Task goal
Find the line with "To verify the" in the records below. Output exactly from there until after the line with "Sneakers Veja V-12", without pictures.

Data for this task
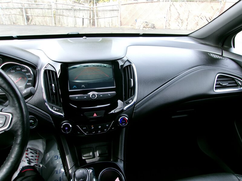 2016 Chevrolet Cruze Premier with a 1.4L Turbo I4 engine producing 153 hp and 177 lb-ft of torque. Finished in gray with a Jet Black interior, this vehicle is in excellent overall condition. Factory equipment includes leather-appointed seating with heated front seats and an 8-way power driver’s seat, dual-zone automatic climate control, keyless entry with push-button start and remote start, a MyLink touchscreen infotainment system with Bluetooth and USB connectivity, rearview camera, alloy wheels, fog lamps and automatic headlights. Standard safety and convenience features include ABS, traction and stability control, tire pressure monitoring, steering-wheel audio and cruise controls, and OnStar connectivity.
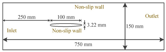 To verify the accuracy of the numerical model constructed in this paper, a more complex structure (i.e., a blunt-tailed NACA 0009 hydrofoil) was subjected to CFD analysis using the same turbulence model and a grid with a similar number of elements, and the computational domain is shown in Figure 4. The NACA 0009 is one of a series of foils designed by the National Advisory Committee for Aeronautics in the United States. Ausoni et al. [26] conducted a series of experiments on this foil in a water tunnel. Comparing the fv obtained by the numerical simulation and the experiment, the two results were highly consistent, as shown in Figure 5, indicating that the two-dimensional numerical model used in this paper can reliably predict the shedding process of the wake vortex.
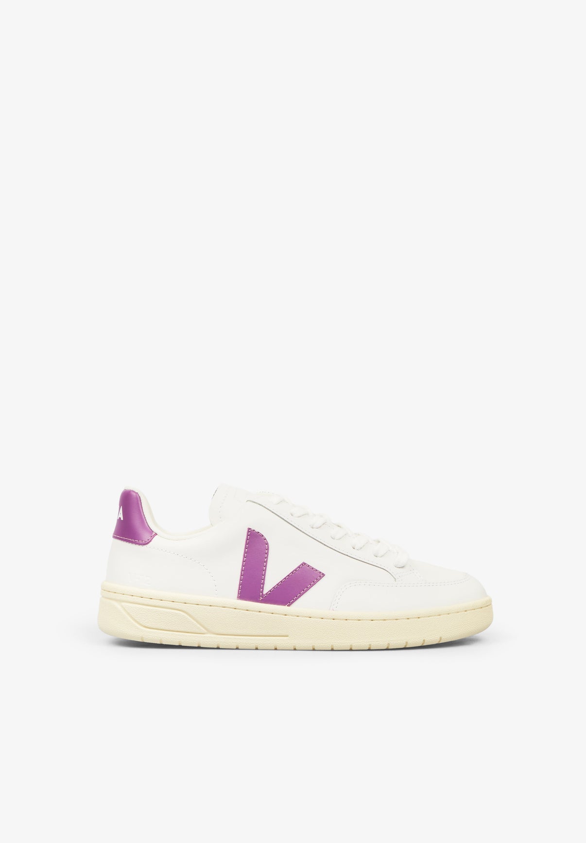 Sneakers Veja V-12 confeccionadas en tejido de cuero con logotipo de caucho en el lateral y parte trasera. Cordones de algodón y plantilla de caucho.
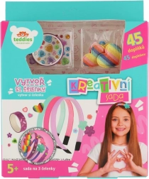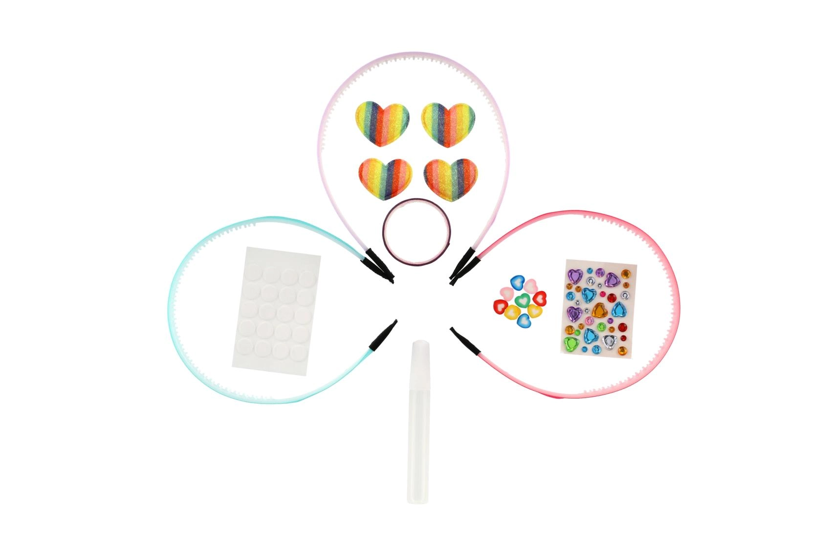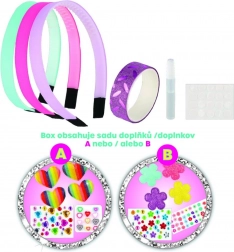 Gestalten Sie originelle Haarreifen ganz nach Ihrem Geschmack. Das Set enthält drei Basis-Haarreifen und eine Vielzahl an Dekorationen, mit denen einzigartige Kombinationen entstehen – von bunt und verspielt bis hin zu dezent und zart. Der einfache Ablauf ist auch für jüngere Kinder geeignet, die beim Basteln Geduld und Feinmotorik trainieren.
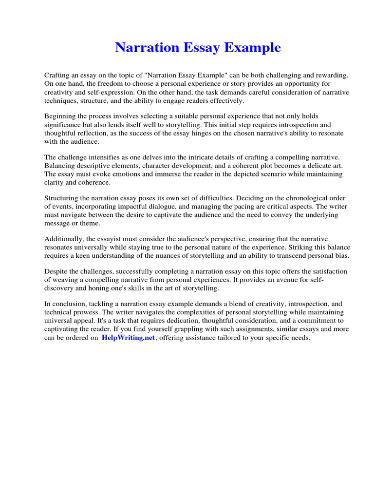 Crafting an essay on the topic of "Narration Essay Example" can be both challenging and rewarding.

Task answer
 To verify the accuracy of the numerical model constructed in this paper, a more complex structure (i.e., a blunt-tailed NACA 0009 hydrofoil) was subjected to CFD analysis using the same turbulence model and a grid with a similar number of elements, and the computational domain is shown in Figure 4. The NACA 0009 is one of a series of foils designed by the National Advisory Committee for Aeronautics in the United States. Ausoni et al. [26] conducted a series of experiments on this foil in a water tunnel. Comparing the fv obtained by the numerical simulation and the experiment, the two results were highly consistent, as shown in Figure 5, indicating that the two-dimensional numerical model used in this paper can reliably predict the shedding process of the wake vortex.
 Sneakers Veja V-12 confeccionadas en tejido de cuero con logotipo de caucho en el lateral y parte trasera. Cordones de algodón y plantilla de caucho.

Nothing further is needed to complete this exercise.